• What the exercise asks: Look through the listing below for the line containing "藤ヶ谷真梨恵さんの画数の鑑定結果". Copy it and each line after it up to and including the line containing "A seductive and", exactly, leaving out pictures.

• Records provided:
=== Section Start ===
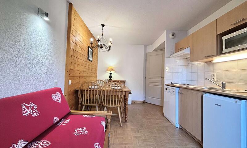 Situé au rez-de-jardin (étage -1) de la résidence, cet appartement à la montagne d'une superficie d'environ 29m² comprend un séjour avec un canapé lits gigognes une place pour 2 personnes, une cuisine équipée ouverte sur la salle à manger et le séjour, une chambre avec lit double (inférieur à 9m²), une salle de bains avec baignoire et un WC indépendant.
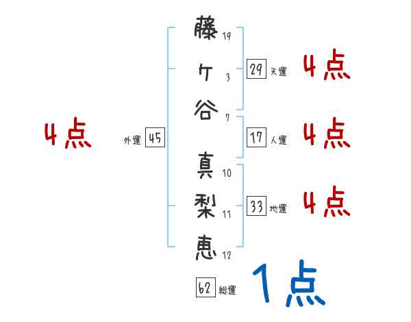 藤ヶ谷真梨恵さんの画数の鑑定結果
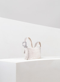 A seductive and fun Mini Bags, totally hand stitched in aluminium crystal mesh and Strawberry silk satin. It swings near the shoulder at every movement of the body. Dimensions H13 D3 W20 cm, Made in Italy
=== Section End ===
=== Section Start ===
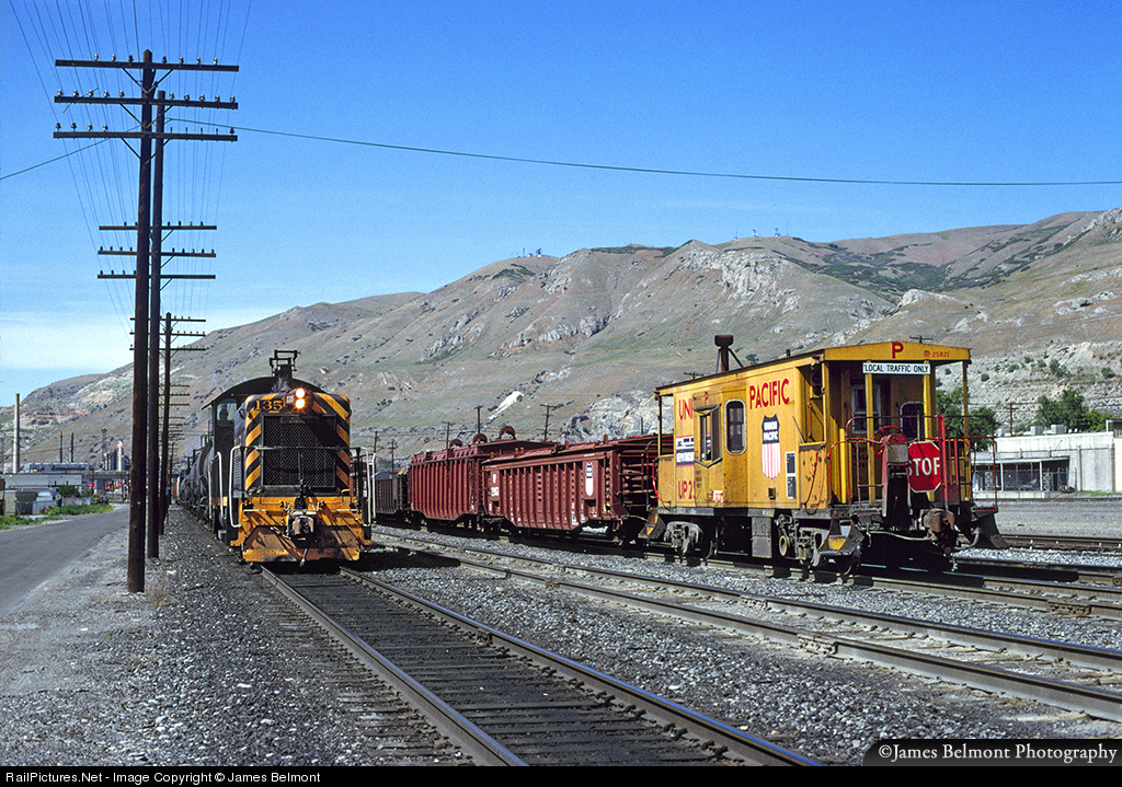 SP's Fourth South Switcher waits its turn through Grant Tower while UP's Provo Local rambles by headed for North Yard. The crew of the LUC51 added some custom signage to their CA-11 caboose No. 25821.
=== Section End ===
• Answer to this exercise:
 藤ヶ谷真梨恵さんの画数の鑑定結果
 A seductive and fun Mini Bags, totally hand stitched in aluminium crystal mesh and Strawberry silk satin. It swings near the shoulder at every movement of the body. Dimensions H13 D3 W20 cm, Made in Italy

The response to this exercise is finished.